My kids reallyreally like bananas and I am reallyreally glad about that.
As some of you know, we are greeny-greensters, so we grow our own veggie garden, make compost, and buy organic and local.
Well, sometimes.
If we started to apply the “locally-grown” condition to our food (250-mile radius), what would be have to give up that we really like?
Let’s see…
- Bananas
- Coffee
- Tea
- Pineapples
- Citrus (scurvy alert!)
- “Fresh” fruits and veggies during most of the year.
I am currently reading a book called “Little Heathens” by author Millie Armstrong Kalish, a Garrison, Iowa native who details exhaustively farm life during the Great Depression.
When I saw “exhaustively” I mean it. Literally 99 percent everything this family consumed fulfilled the 250-radius guideline (excepting occasional citrus fruits). This was in part because of frugality– they had to make/bake/grow/cook it themselves in order to afford it. But it was also because that was the way rural life proceeded.

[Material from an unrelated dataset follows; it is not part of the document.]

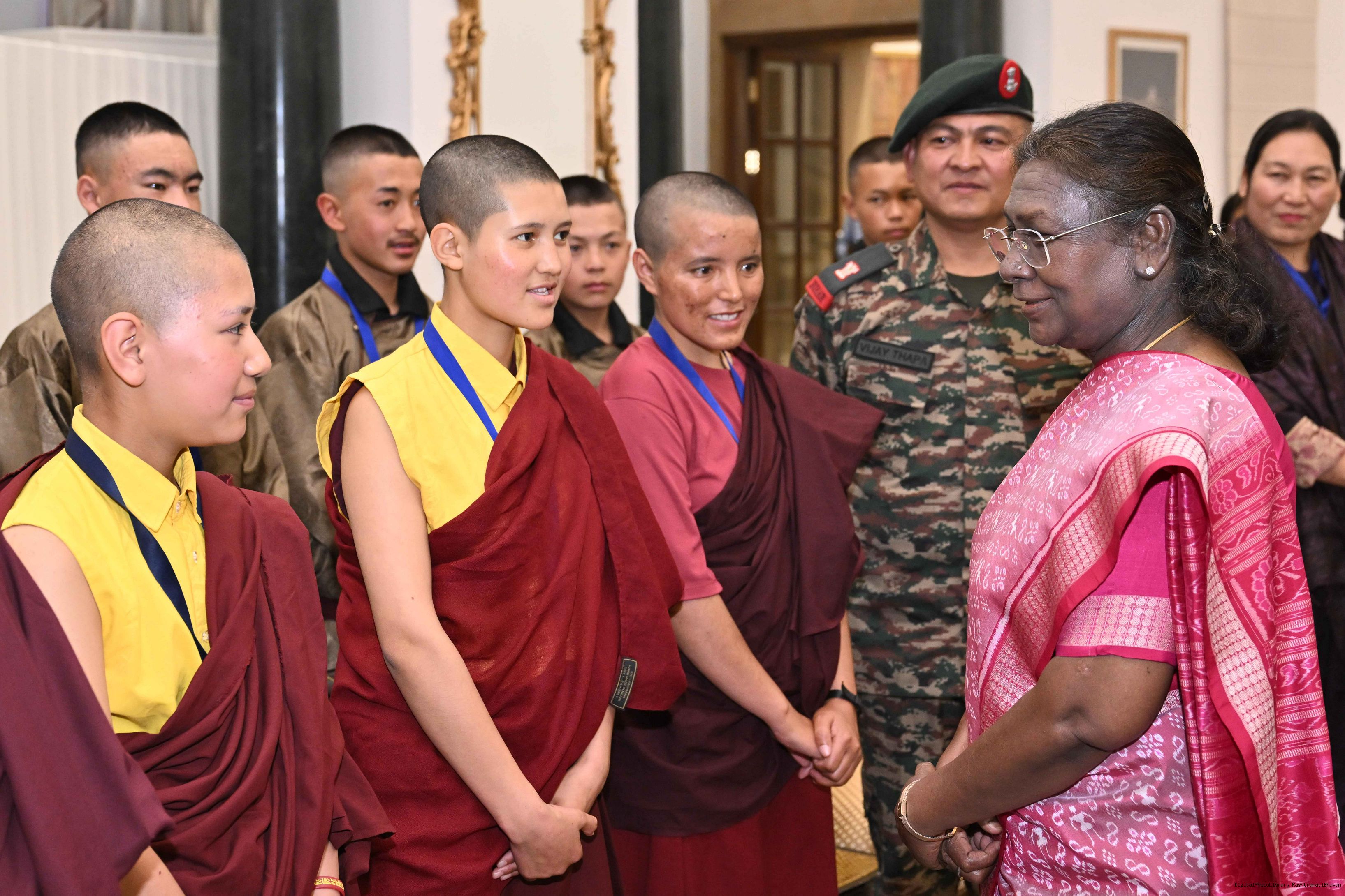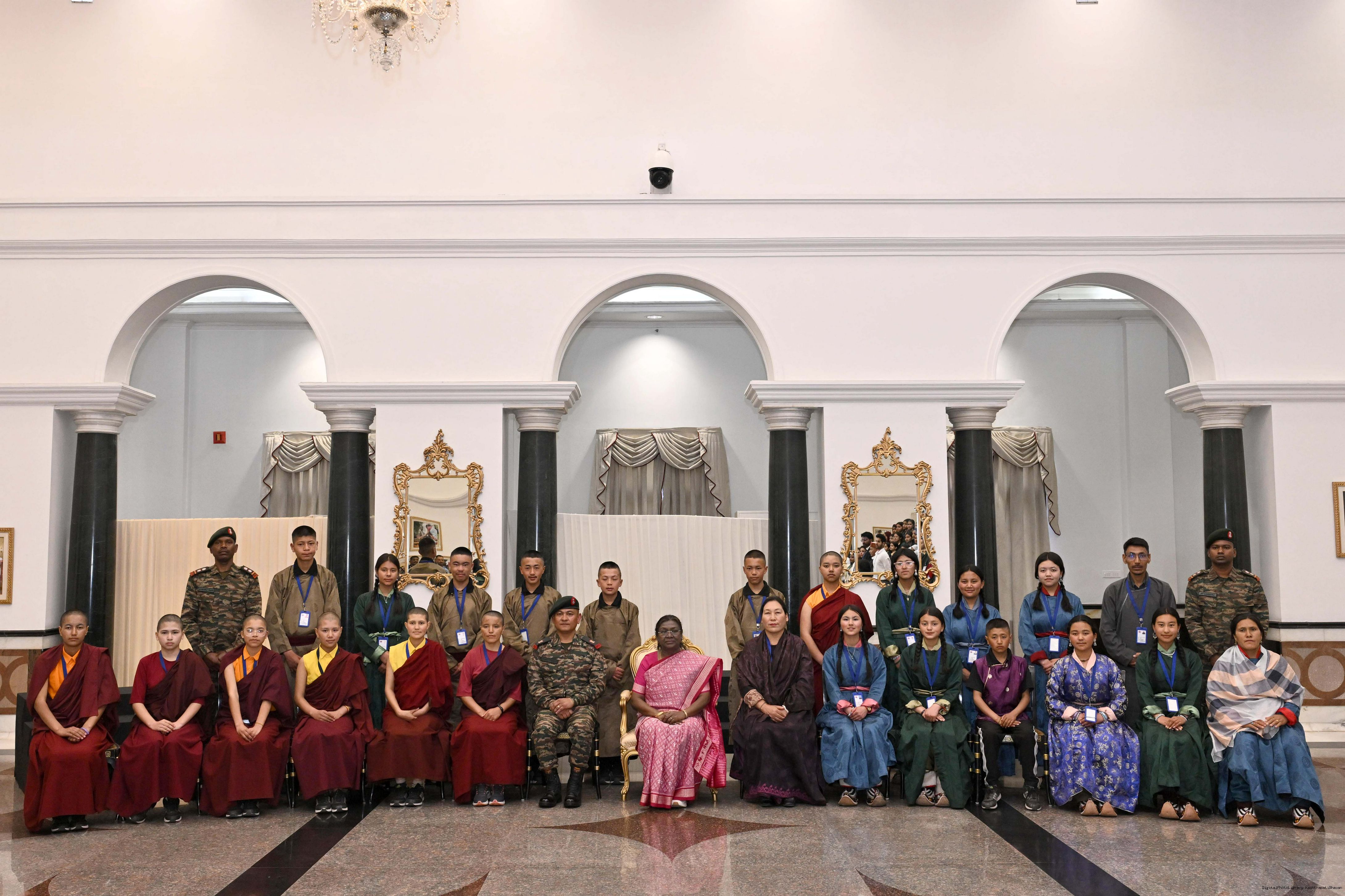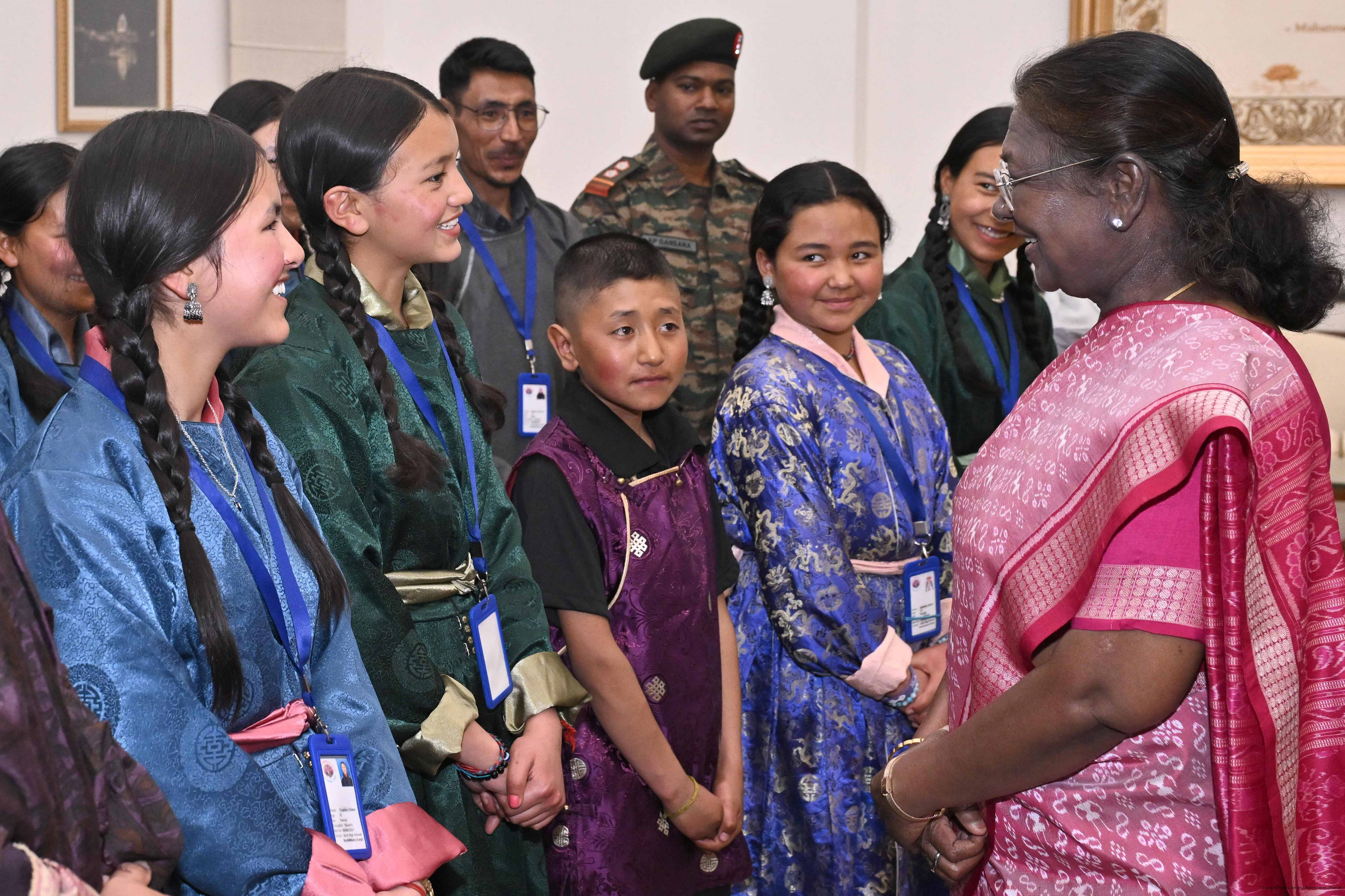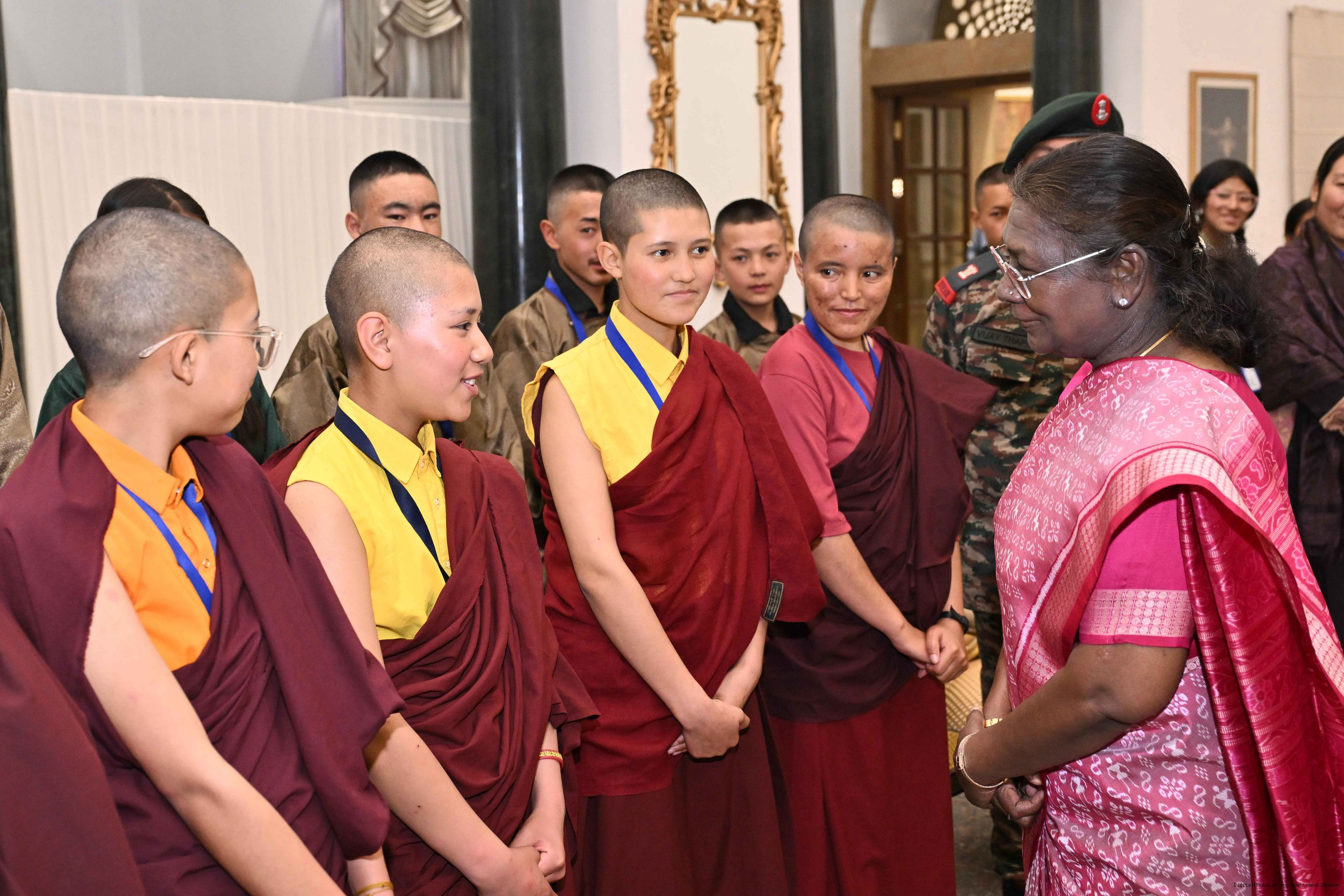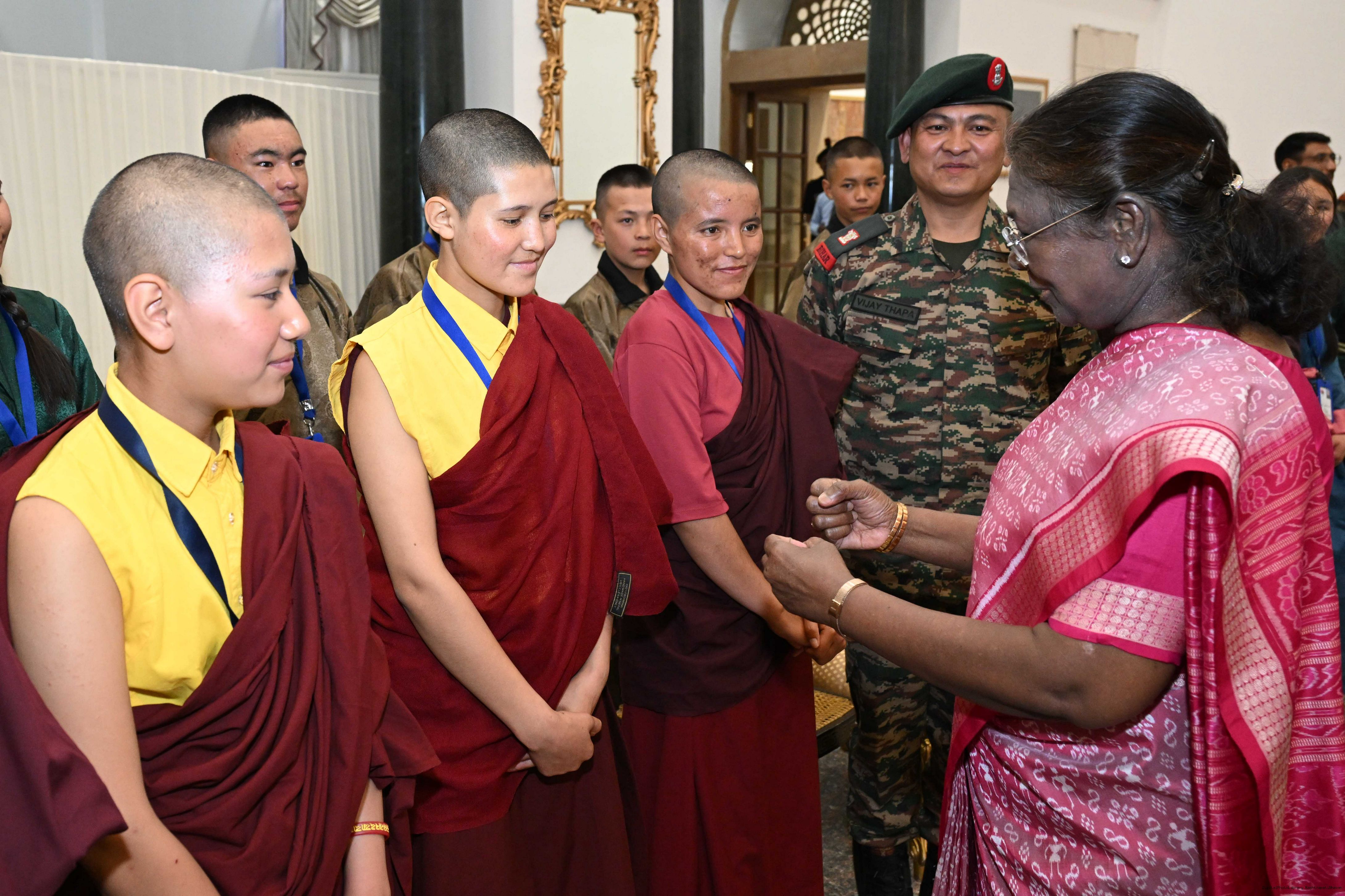 | Caption: | The President of India, Smt. Droupadi Murmu met group of students from Ladakh attending the National Integration Tour and students from various Eklavya Model Residential Schools of Jammu Kashmir at Rashtrapati Bhavan on March 18, 2025. |

Grow corn. Eat the corn. Save some kernels for next year’s crop. Dry the cobs. Use the cobs for either a) fuel, b) feed for animals, or c) toilet paper.
Reading this book is wonderful, but makes you realize without complete certainty why the generation after the war — especially the homemakers– not only embraced all the modern conveniences (from cars and refrigerators to pre-packaged meals, and canned corn), they probably wanted to make love to them. Making-growing-herding-hunting-sewing is two to three full time jobs– days overflowing with never- ending work and no chance for a 2-week vacation in Branson.
This is not to diss the locally-grown movement. In fact, it is an argument FOR it. Learning from our “heritage experts” helps us to reconnect to the reality of food. As Millie Kalish points out in her chapter on “Farm Food”:
“I do feel the knowledge of how to fry potatoes, make a pie crust, and dress a chicken encourages self-sufficiency and creates a sense of confidence in one’s ability to cope with life. Indeed I want my own family to be aware of the foods, the ingenuity, the knowledge, the skills, and above all, the everlasting work that was required to survive when resources and supplies were limited.”
So much of what we consume today (and here I’ll just limit to what we put in our mouths) we do mindlessly, without a thought of the work it takes to grow, make or — in the case of bananas — to move it.
So I would argue that “local” is weird for most of us. It stops us from eating mindlessly, the way we have for years. It forces us think about who we are, to look at what we are made of, and to ask this question: what do I intend to invest in this ONLY thing I have control over– my body?
Millie Kalish, 88 years old and writing books, still splits and stacks her own firewood. In this era of techno-growth and obsolescence, where kids are likely to live SHORTER lives than us, what does that tell you about the local food movement, the need to reject convenience and to feel a part of home life again?
Bananas, hold on. Apples want to reclaim their place in the sun.